Out of the studies included in this minireview, only seven tested the performance of the developed models on an independent test set. Overall, the predictive accuracy of models on independent test data was lower than the cross-validation accuracy calculated on the data used for training the model, with only two studies attaining a prediction accuracy on an independent test set that was comparable to or higher than the one obtained with cross-validation (Figure 1B). Jones et al. (2022) used 277 primary kidney cancer samples from the CPTAC consortium to test their convolutional neural network-based models, which were trained on 17 or 32 primary cancer types. They achieved prediction accuracies of 100% and 99.63%, respectively. An ensemble of neural networks developed by Grewal et al. (2019) correctly predicted the primary cancer type for 96.73% of 211 samples from the independent Genentech Mesothelioma dataset. However, both of those models were tested on independent data comprising a single primary cancer type, which may not necessarily reflect the putative prediction accuracy on a pan-cancer dataset. In fact, the accuracy of the Grewal et al. (2019) model decreased to 79.60% when tested on an additional independent test set of 201 patients spanning 26 different cancer types. These patients were sequenced as part of the Personalized OncoGenomics project at the BC Cancer Agency and presented with metastatic disease that no longer responds to treatment. The remaining studies used independent test sets consisting of 5–18 cancer types and showed a reduction in prediction accuracy ranging from 5.8% to 26.47% compared to cross-validation (with a mean reduction in accuracy of 13.32%). Out of these, two studies used metastatic samples (Bavafaye Haghighi et al., 2019; Zhao et al., 2020), two used a mixture of primary and metastatic samples (Bagge et al., 2018; Divate et al., 2022) and one did not report the exact source of the independent test set (Chen et al., 2021).

Interestingly, when testing the accuracy of the same model on test sets composed of both primary and metastatic samples, metastatic samples showed a lower prediction accuracy. For example, Divate et al. (2022) reported 88.10% accuracy for metastatic samples compared to 92.13% for primary samples. Bagge et al. (2018) found 53.84% accuracy for metastatic samples compared to 96.67% for patient-derived xenografts of primary cancer and 100% for primary cancer. However, this difference could also be attributed to the distribution of the primary cancer types from which the metastases arose in the test set and their potential underrepresentation in the training data.

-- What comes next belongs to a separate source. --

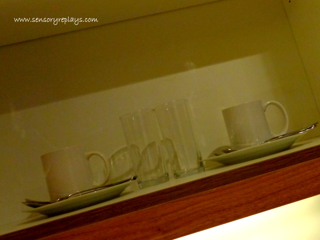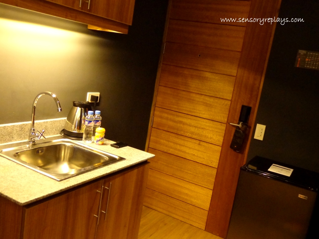 a sink with a water boiler and the fridge, also some bottled distilled water.  no complimentary coffee/sugar sachets or tea bags (the mentos dragees are mine!).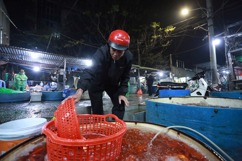 | Tại chợ cá Yên Sở, loại cá chép được bán chủ yếu là cá chép đỏ và cá chép vàng. |

Furthermore, Zhao et al. (2020) used three different independent test sets in their research, including two datasets obtained by RNA-Seq of formalin-fixed paraffin-embedded (FFPE) metastatic cancer samples. The FFPE-based datasets showed a lower prediction accuracy (86.96% for the JAX clinical dataset, which included 23 samples across 6 cancer types, and 72.46% for the Melbourne clinical dataset, which encompassed 69 samples across 18 cancer types) compared to RNA-Seq conducted on fresh frozen tissue samples (92.64% for the TCGA, which included 394 samples across 11 cancer types). This suggests that the methods used for tissue processing and storage could impact the results obtained from different sample types.

4 Identification of informative gene sets for cancer classification

Several methods employed feature selection approaches to identify the most informative sets of genes for TOO prediction using different strategies to choose relevant genes. Two studies utilized various subsets of top-selected genes based on the Gini index from Random Forest models (He et al., 2020a; Ramroach et al., 2020). Similarly, neural network models selected a certain number of top-ranked genes, either based on the highest weights for the tumor class (Grewal et al., 2019) or by calculating Shapley additive explanation values in deep neural network models (Divate et al., 2022). Wei et al. (2014) employed univariate transcript analysis with stepwise logistic regression to select the top N transcripts. Their approach achieved high AUC prediction values using only a smaller number of genes. However, the results of two randomizations of the feature selection process show that, although the number of selected genes was similar, the correspondence between the two randomizations was low, with a cosine similarity of 0.53. Another approach was to select highly variable genes across various cancers and either use the top N genes for modeling (Moiso et al., 2022) or perform dimensionality reduction on them before training machine learning models like variational autoencoders (Vibert et al., 2021). Furthermore, feature selection could be performed by selecting the most important genes in each cancer type. Zhao et al. (2020) did this by selecting the top N differentially expressed genes in each cancer type to create a unique list of genes. A similar approach, based on the Pearson correlation algorithm, was employed by He et al. (2020b). Other approaches involved the selection of genes based on prior knowledge, such as choosing clinical oncopanel genes tested in routine clinical cancer care (Moiso et al., 2022) or a catalog of somatic mutations in cancers (COSMIC) list of genes harboring somatic mutations (Grewal et al., 2019).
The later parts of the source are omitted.